Creating a classifier

In [None]:
from sklearn.neighbors import KNeighborsClassifier
from sklearn.model_selection import train_test_split
from sklearn.datasets import load_iris
import statistics
from statistics import mode

In [None]:
#80% train 20% test
num_rows = len(data[['Age']])
train_rows = round(num_rows*0.8)
test_rows = num_rows - train_rows
train_rows, test_rows

In [None]:
#spliting the data frame into train and test
#modifying data_num to most defining features
data_num = data_num[['Cholesterol','MaxHR','Oldpeak',"HeartDisease"]]
data_num_rearranged = data_num.sample(918)
features_train = data_num_rearranged.iloc[:734]
features_test = data_num_rearranged.iloc[734:]
train_labels = features_train.columns
train_labels

In [None]:
#HeartDisease: output class [1: heart disease, 0: Normal]
#calculate euclidena distance between two rows
def euclidean_dist(row1, row2):
    distance = 0.0
    for i in range(len(row1)):
        distance += (row1[i] - row2[i])**2
    return (distance)**(1/2)
    

In [None]:
def most_common(lst):
    return(mode(lst))
   
    
def find_knn(test_row, df, k):
    distances = []
    for i in range(len(df["HeartDisease"])):
        row = df.iloc[i]
        distances.append( euclidean_dist(test_row, row))
    df["dist"] = distances
    df = df.sort_values(by=['dist'])
    df = df.iloc[0:k]
    heart_disease = df["HeartDisease"]
    return most_common(heart_disease)
        

Time to test the classifier.

In [None]:
def test_classifier(k): 
    accuracy = []
    for i in range(184):
        test_row = features_test.iloc[i].tolist()
        test_val = test_row[-1]
        prediction_val = find_knn(test_row, features_train, k)
        if (test_val == prediction_val):
            accuracy.append(1.0)
        else:
            accuracy.append(0.0)
    prop_correct =  sum(accuracy)/len(accuracy)
    return prop_correct

In [None]:
print(test_classifier(5))

As we can see, our classifier is about 65% accurate. From here on we can modify the feautres chosen and even the *k-value* to see if we can improve the classifier to suit our needs.

Lets try changing the k-value:

In [None]:
print(test_classifier(7))

We can see that changing our k-value actually increased the accuracy of our classifier.

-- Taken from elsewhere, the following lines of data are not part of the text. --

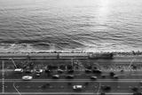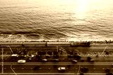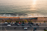 Road and railway track along coast at sunset over Indian ocean. Train arriving in Colombo, Sri Lanka..
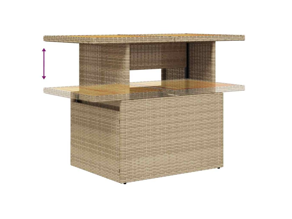 - Materiál: PE ratan, práškovaná oceľ, masívne akáciové drevo s olejovým náterom
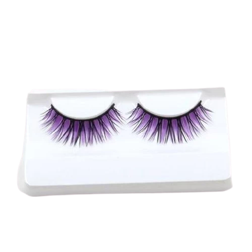 Schwarze und lila falsche Wimpern mit gekreuzten Haaren.
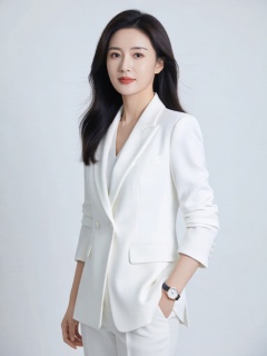 DJYS, 短剧影视人像质感,干练职场精英女性立于纯白纯色背景前,眼神自信从容,身穿白色剪裁西装,搭配简约腕表,正面柔光塑造专业形象,极简背景凸显职场女性的知性气场

In fact, there are many different ways to change the accuracy of the classifier.

In conclusion, this classifier can be extrapolated to predict heart diease in patients. This tool can be critical for early detection and prevention of heart diease, since many do not know until the later stages. Such prediction tools can be widely used to detect more that just heart diease. Fully utilizing Data Science in the medical field, brings a world of possibilities too profound not to explore.